Many studies have shown the presence of numerous organic genotoxins and carcinogens in drinking water. These toxic substances derive not only from pollution, but also from the disinfection treatments, particularly when water is obtained from surface sources and then chlorinated. Most of the chlorinated compounds in drinking water are nonvolatile and are difficult to characterize. Thus, it has been proposed to study such complex mixtures using short-term genotoxicity tests predictive of carcinogenic activity. Mutagenicity of water before and after disinfection has mainly been studied by the Salmonella/microsome (Ames test); in vitro genotoxicity tests have also been performed in yeasts and mammalian cells; in situ monitoring of genotoxins has also been performed using complete organisms such as aquatic animals or plants (in vivo). The combination of bioassay data together with results of chemical analyses would give us a more firm basis for the assessment of human health risks related to the consumption of drinking water. Tests with different genetic end-points complement each other with regard to sensitivity toward environmental genotoxins and are useful in detecting low genotoxicity levels which are expected in drinking water samples.

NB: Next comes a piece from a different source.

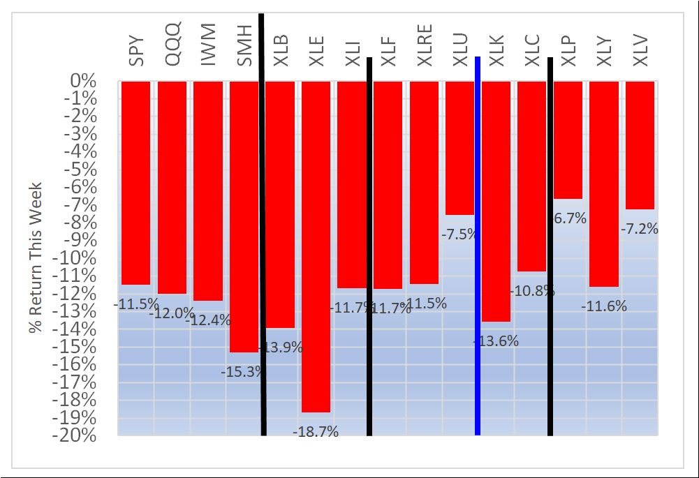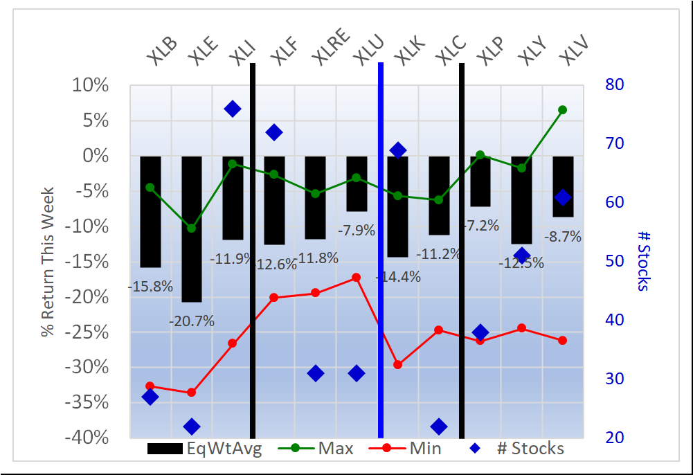 - XLP/Consumer Staples, -7.2% average for 38 stocks

Bandlapalli Pavani, Mandava Ragini, David Banji, Otilia J F Banji, N Gouri Pratusha. Fluoride Toxicity – A Harsh Reality. International Research Journal of Pharmacy, Vol 2, Iss 4, Pp 79-85 (2011).
There are many incidents of fluoride toxicity whether it is acute or chronic. Fluoride toxicity is an environmental hazard which arises from the upper layers of geological crust and is dissolved in water. Prolonged drinking of such water causes chronic fluoride toxicity. Use of fluoride containing compounds for various purposes such as dental products, metal, glass, refrigerator and chemical industries act as a source of fluoride poisoning and increase the risk of toxicity. This review reflects the deleterious effects of fluorides on various organs in the physiological system.